Directions for this task:
Pictures stay out. Everything else in the entries is copied exactly.

Source data:
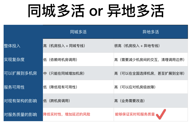 如果机房都在上海,那么网络延迟只有内网速度的2倍,可以当成一个机房使用。所有有些公司的多活方案,会选择同城机房,把同城的几个机房当成一个机房部署,可以在不影响服务架构的情况下扩展出多个机房,不失为一个快速见效的方法。我们在做多活的初期也讨论过同城方案,比如在北京周边建设一个新机房,迁移部分服务到新机房,两个机房专线连接,服务间做跨机房调用。虽然这个方案比较容易,也解决了机房的扩展问题,但是对高可用却没有好处,相反还带来了更高的风险。
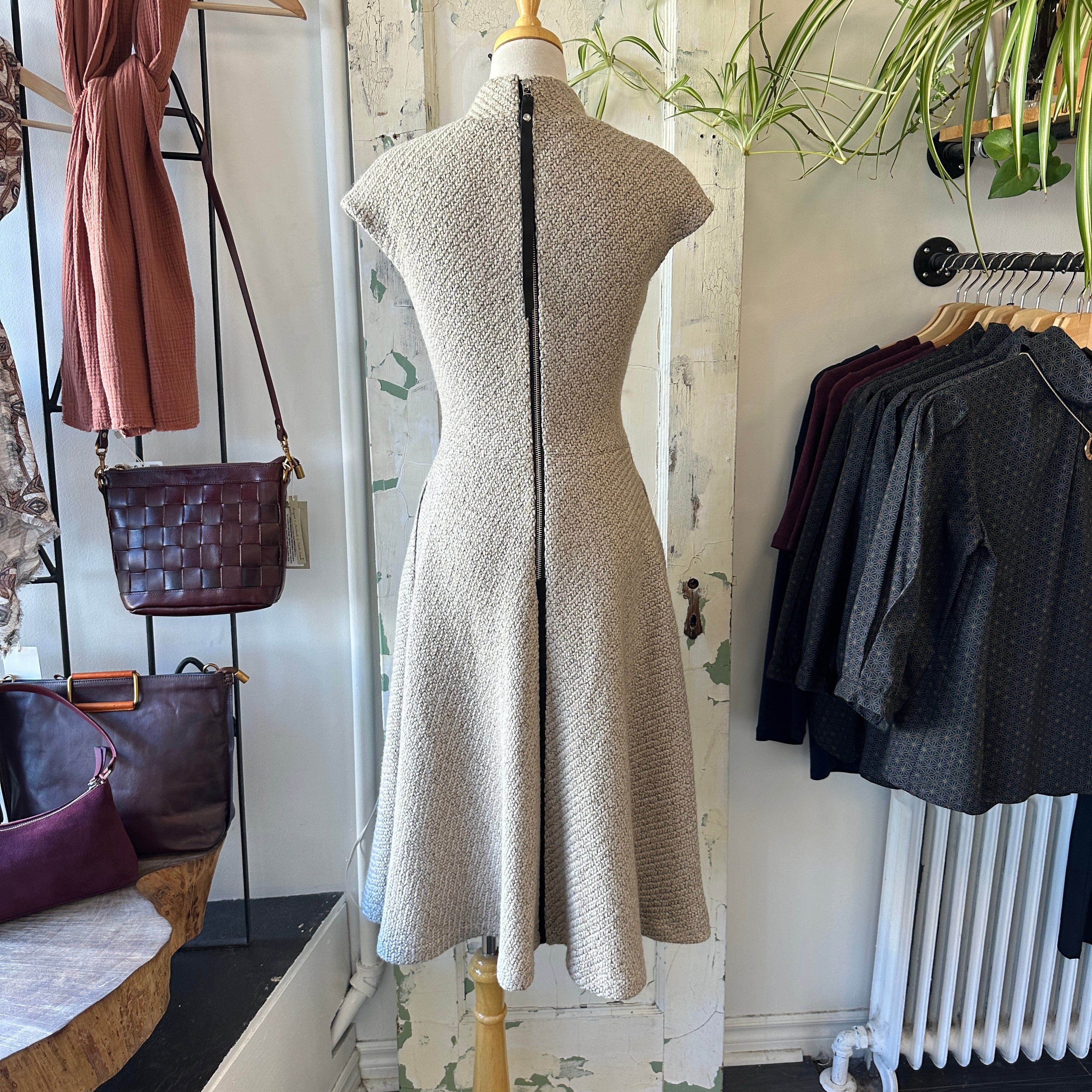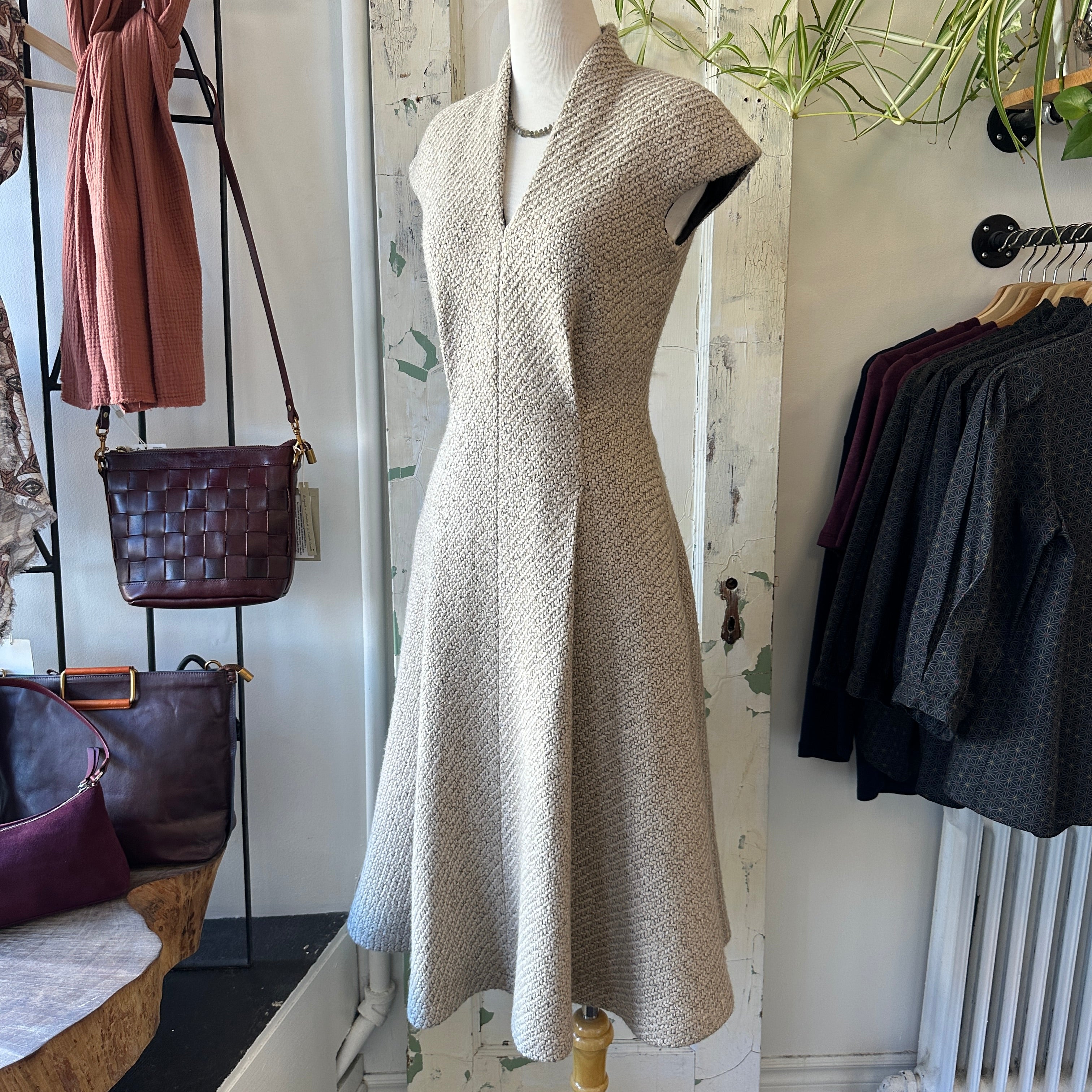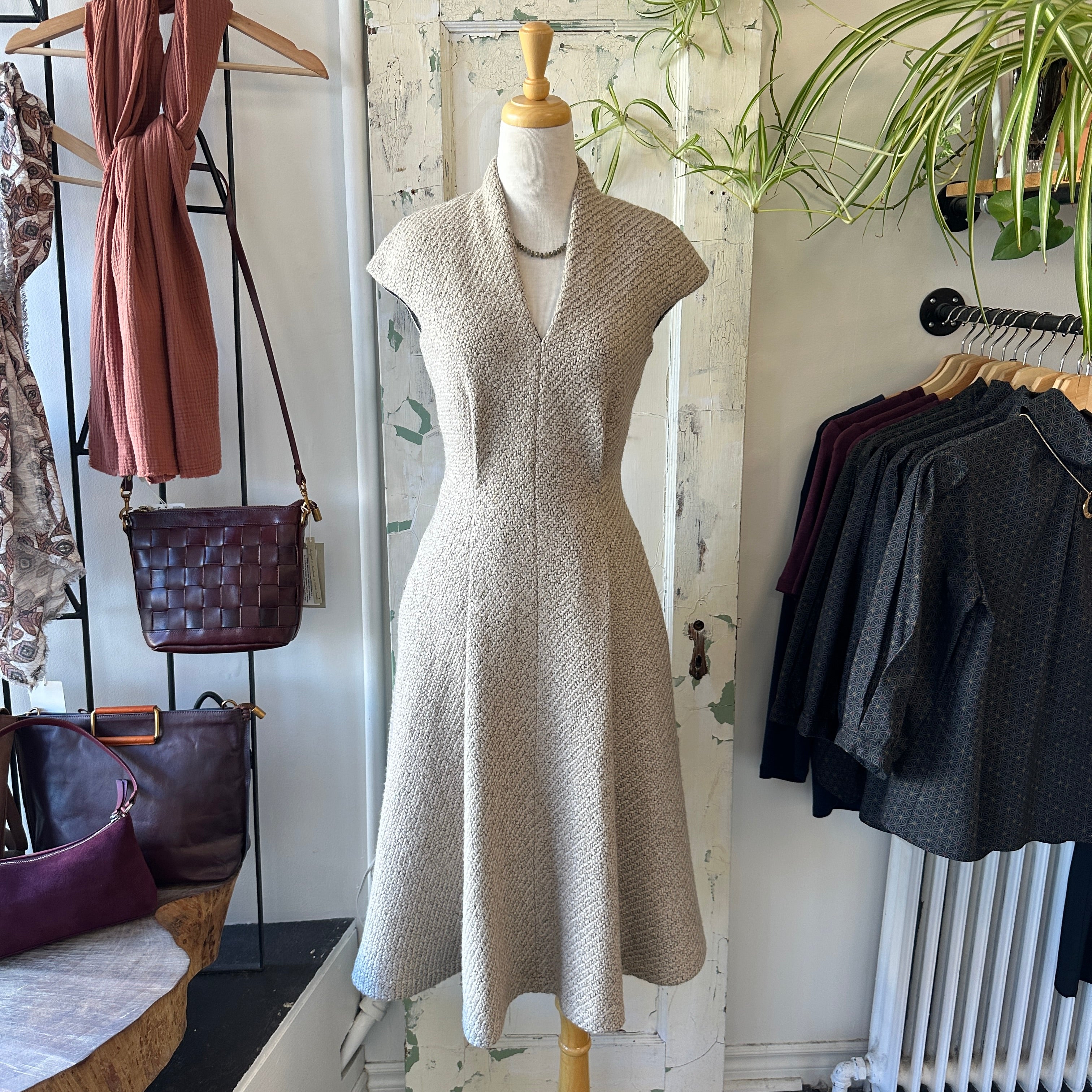 A refined silhouette, this fitted tweed dress is designed to elevate the everyday and transition effortlessly into evening.
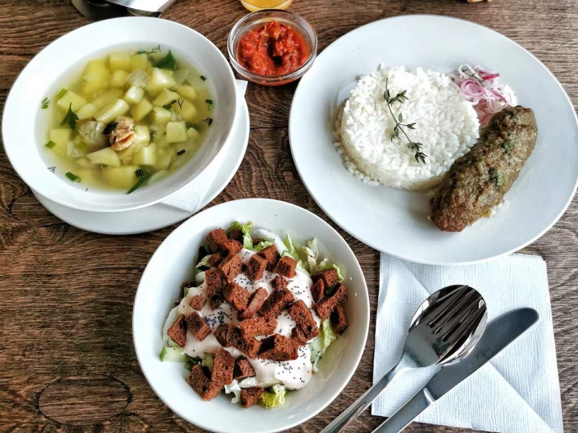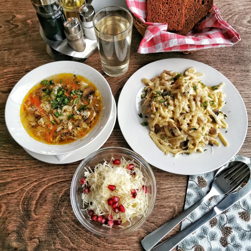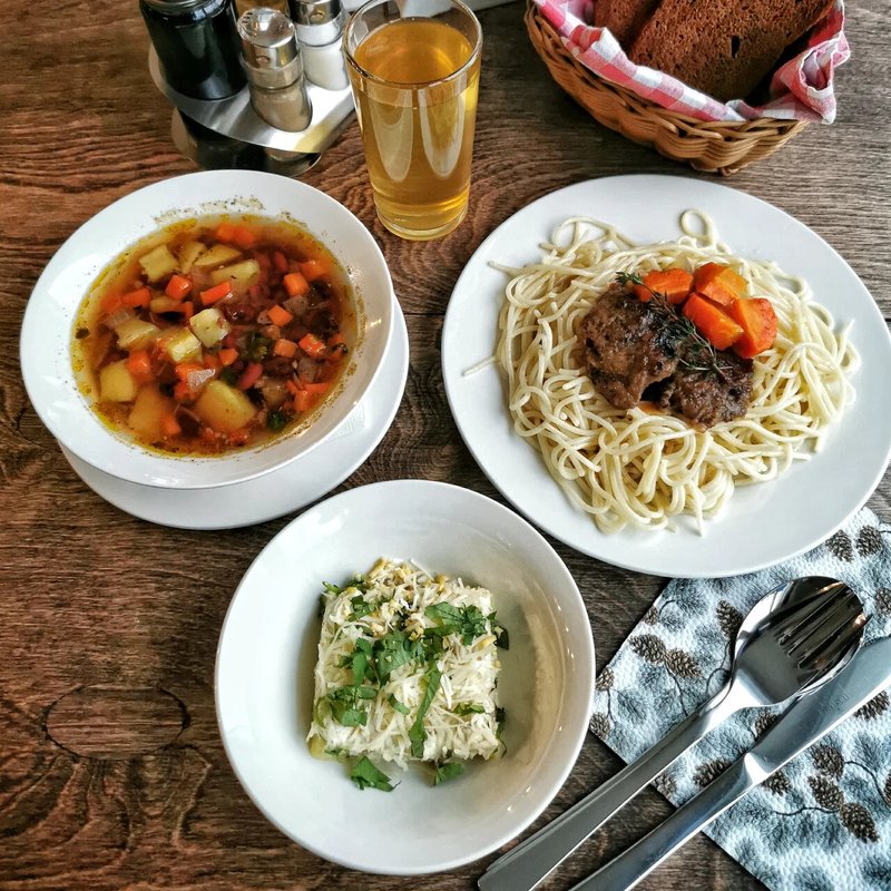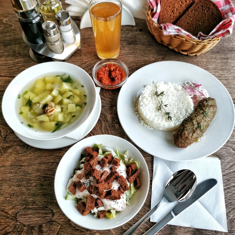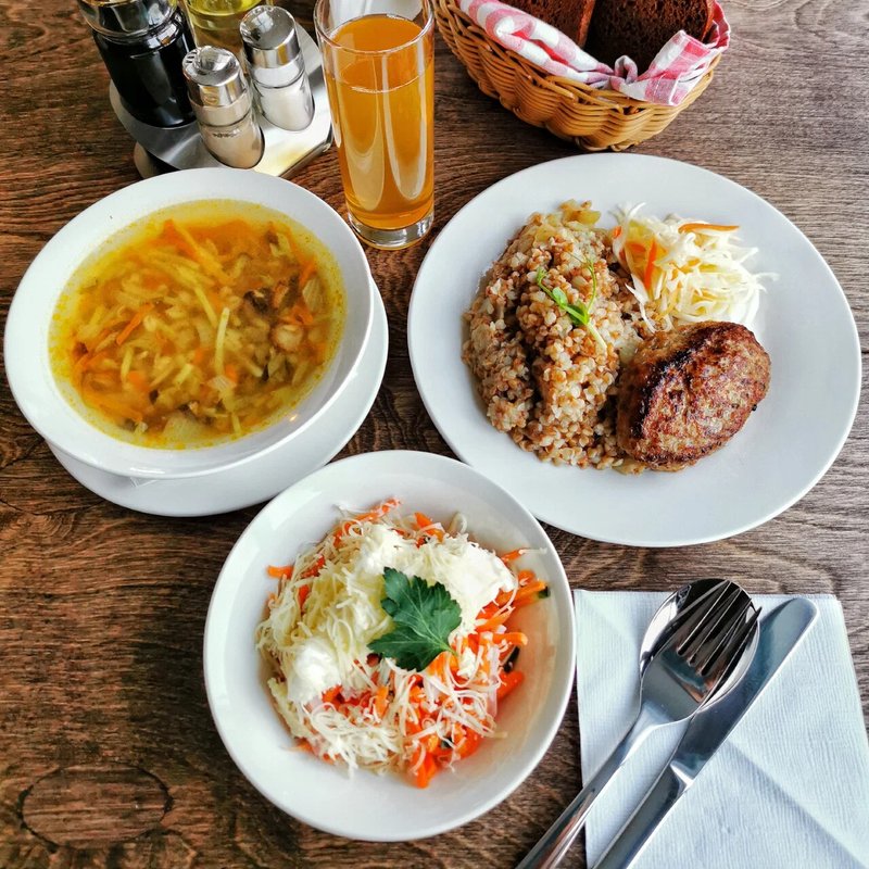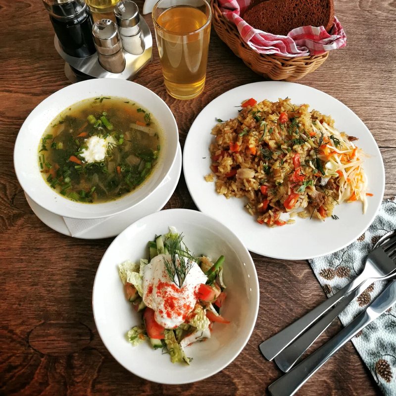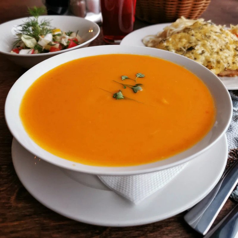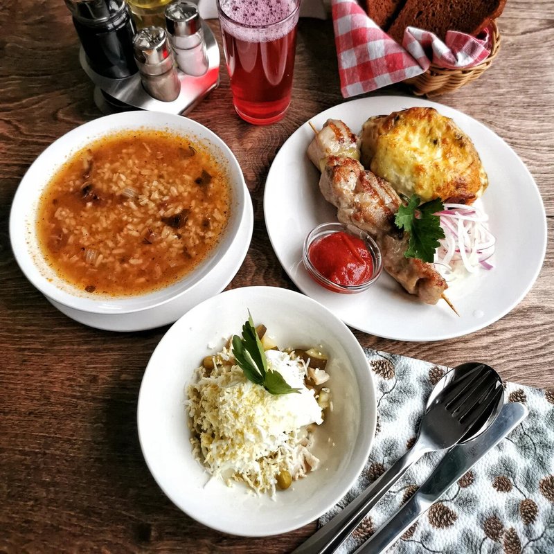 В нашем меню представлены блюда русской кухни. Завсегдатаи традиционного застолья, эти кулинарные творения предстанут с новой стороны. Чего только стоит выбор различных солений. Или закажите привычные супы, тушёные вторые блюда и выпечку к чаю.
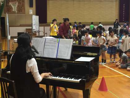 いろんな絵本を読んでいただきました。ピアノが入り、歌があり、動きがありました。そして、「おへそ」や「赤ちゃん」のお話では、生まれてきたことへの感謝の気持ちをもつ時間もありました。何メートルもある長い絵本も見せていただき、みんなびっくりでした。
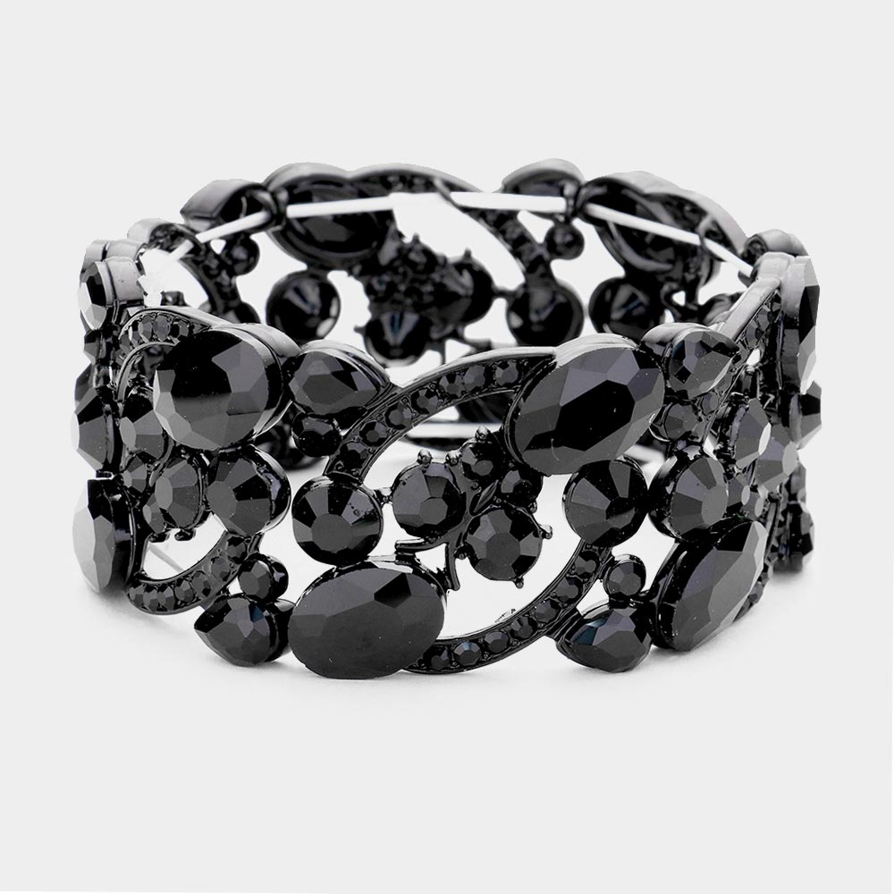 Glass Crystal Oval Butterfly Stretch Evening Bracelets
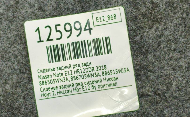 Сиденье задний ряд Nissan Note 2018 886505WN3A E12 HR12DDR, заднее
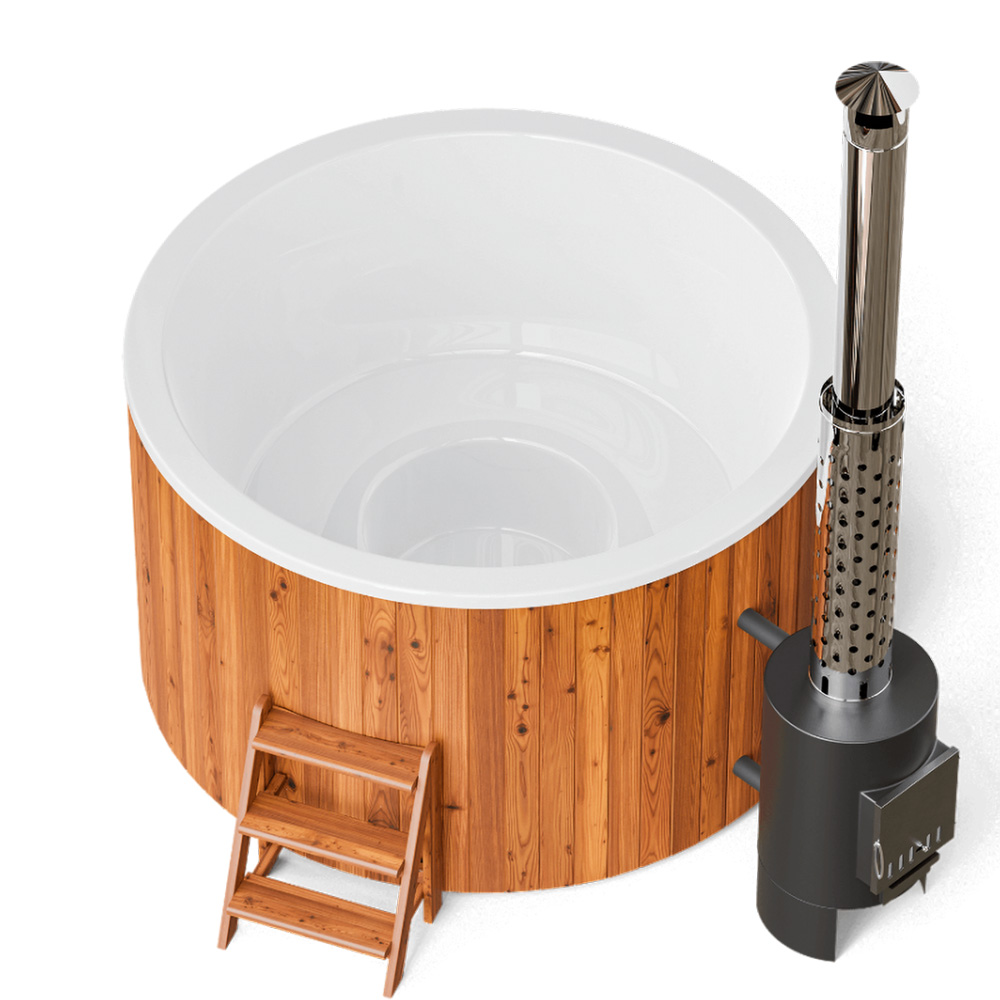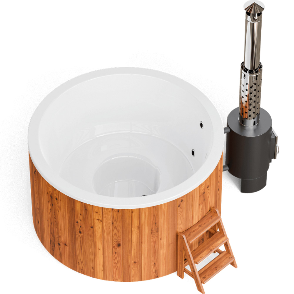 Интегрированная в чашу купели печь из пищевой нержавеющей стали обеспечит максимально быстрый нагрев, удобную закладку дров, а установленное в дверце печи жаропрочное стекло позволит не только контролировать процесс горения, но и создаст дополнительный уют и романтику. Дымоход имеет специальный экран из нержавеющей зеркальной стали, что гарантирует защиту от возможных ожогов. Эстетичный краник слива купели расположен в удобном месте и может использоваться также для наполнения купели.
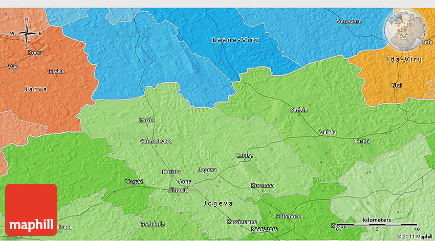 The value of Maphill lies in the possibility to look at the same area from several perspectives. Maphill presents the map of the area around 58° 51' 53" N, 26° 25' 29" E in a wide variety of map types and styles.
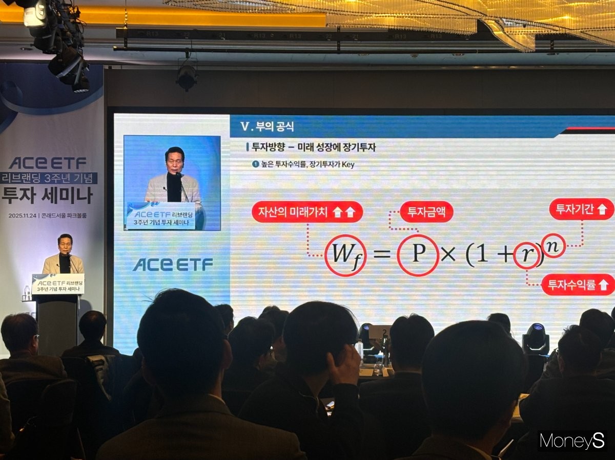24일 배재규 대표는 여의도 콘래드호텔에서 열린 'ACE ETF(상장지수펀드)' 리브랜딩 3주년 기념 투자 세미나에서 미래 성장성이 큰 테크 기업 선정이 중요하며, 투자 판단 시점은 '현재'가 아닌 '미래'에 있다고 강조했다.
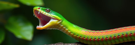 Colorful snake with vibrant scales open mouth resting on a branch in a lush rainforest

Output for this task:
 如果机房都在上海,那么网络延迟只有内网速度的2倍,可以当成一个机房使用。所有有些公司的多活方案,会选择同城机房,把同城的几个机房当成一个机房部署,可以在不影响服务架构的情况下扩展出多个机房,不失为一个快速见效的方法。我们在做多活的初期也讨论过同城方案,比如在北京周边建设一个新机房,迁移部分服务到新机房,两个机房专线连接,服务间做跨机房调用。虽然这个方案比较容易,也解决了机房的扩展问题,但是对高可用却没有好处,相反还带来了更高的风险。
 A refined silhouette, this fitted tweed dress is designed to elevate the everyday and transition effortlessly into evening.
 В нашем меню представлены блюда русской кухни. Завсегдатаи традиционного застолья, эти кулинарные творения предстанут с новой стороны. Чего только стоит выбор различных солений. Или закажите привычные супы, тушёные вторые блюда и выпечку к чаю.
 いろんな絵本を読んでいただきました。ピアノが入り、歌があり、動きがありました。そして、「おへそ」や「赤ちゃん」のお話では、生まれてきたことへの感謝の気持ちをもつ時間もありました。何メートルもある長い絵本も見せていただき、みんなびっくりでした。
 Glass Crystal Oval Butterfly Stretch Evening Bracelets
 Сиденье задний ряд Nissan Note 2018 886505WN3A E12 HR12DDR, заднее
 Интегрированная в чашу купели печь из пищевой нержавеющей стали обеспечит максимально быстрый нагрев, удобную закладку дров, а установленное в дверце печи жаропрочное стекло позволит не только контролировать процесс горения, но и создаст дополнительный уют и романтику. Дымоход имеет специальный экран из нержавеющей зеркальной стали, что гарантирует защиту от возможных ожогов. Эстетичный краник слива купели расположен в удобном месте и может использоваться также для наполнения купели.
 The value of Maphill lies in the possibility to look at the same area from several perspectives. Maphill presents the map of the area around 58° 51' 53" N, 26° 25' 29" E in a wide variety of map types and styles.
24일 배재규 대표는 여의도 콘래드호텔에서 열린 'ACE ETF(상장지수펀드)' 리브랜딩 3주년 기념 투자 세미나에서 미래 성장성이 큰 테크 기업 선정이 중요하며, 투자 판단 시점은 '현재'가 아닌 '미래'에 있다고 강조했다.
 Colorful snake with vibrant scales open mouth resting on a branch in a lush rainforest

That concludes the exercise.